Recorded information
┏━━

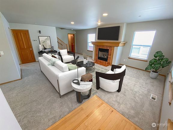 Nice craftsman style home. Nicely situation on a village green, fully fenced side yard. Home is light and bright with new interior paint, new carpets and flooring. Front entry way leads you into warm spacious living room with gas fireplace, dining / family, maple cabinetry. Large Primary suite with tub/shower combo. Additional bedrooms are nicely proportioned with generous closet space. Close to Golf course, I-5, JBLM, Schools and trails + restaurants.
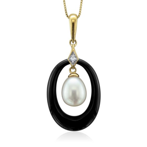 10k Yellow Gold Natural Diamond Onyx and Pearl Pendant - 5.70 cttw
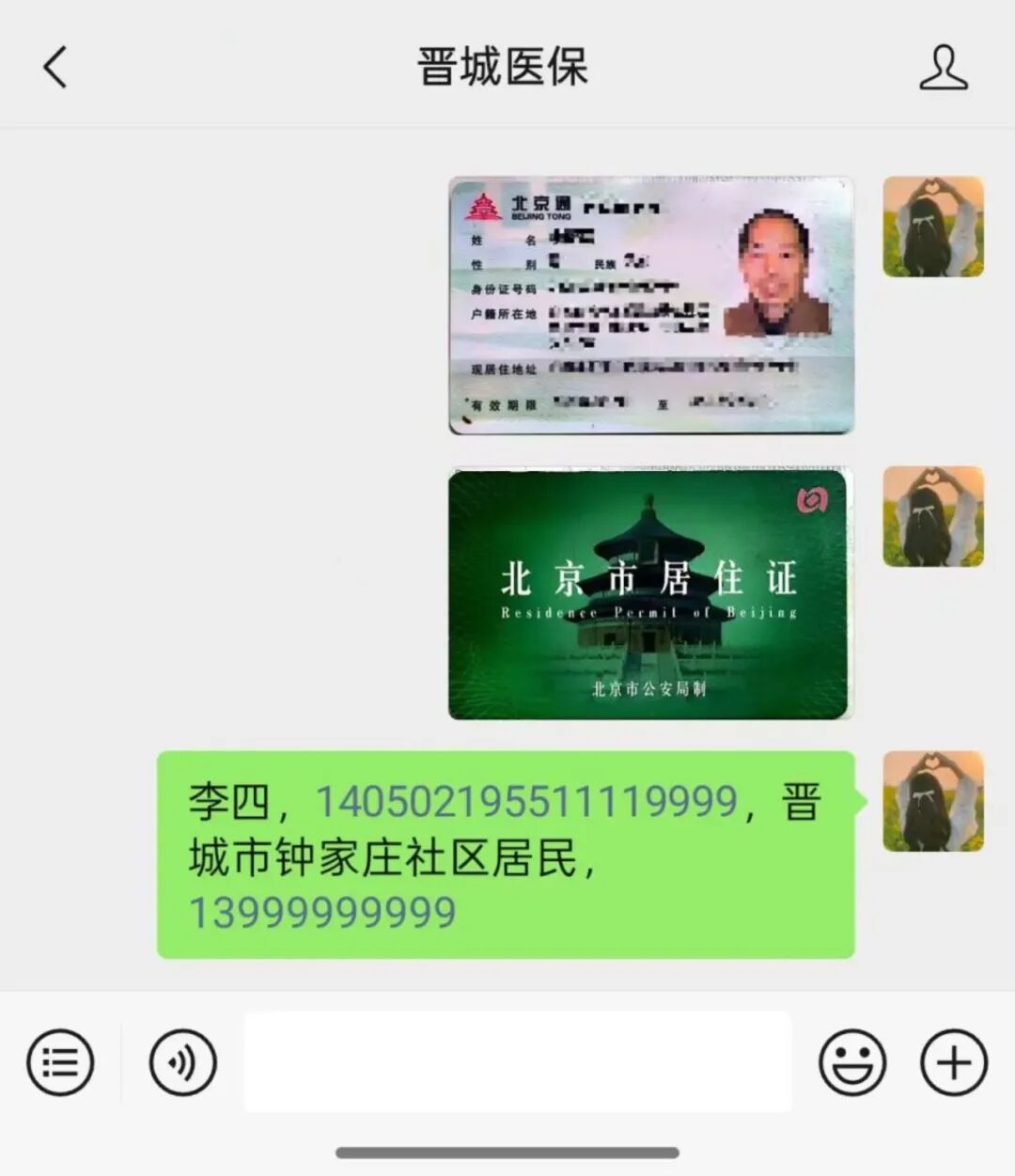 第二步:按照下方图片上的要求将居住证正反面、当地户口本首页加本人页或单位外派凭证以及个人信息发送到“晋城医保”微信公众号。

┗━━

What you should do
Restate the data above word for word, so that the only difference is the missing pictures.

Task output
 Nice craftsman style home. Nicely situation on a village green, fully fenced side yard. Home is light and bright with new interior paint, new carpets and flooring. Front entry way leads you into warm spacious living room with gas fireplace, dining / family, maple cabinetry. Large Primary suite with tub/shower combo. Additional bedrooms are nicely proportioned with generous closet space. Close to Golf course, I-5, JBLM, Schools and trails + restaurants.
 10k Yellow Gold Natural Diamond Onyx and Pearl Pendant - 5.70 cttw
 第二步:按照下方图片上的要求将居住证正反面、当地户口本首页加本人页或单位外派凭证以及个人信息发送到“晋城医保”微信公众号。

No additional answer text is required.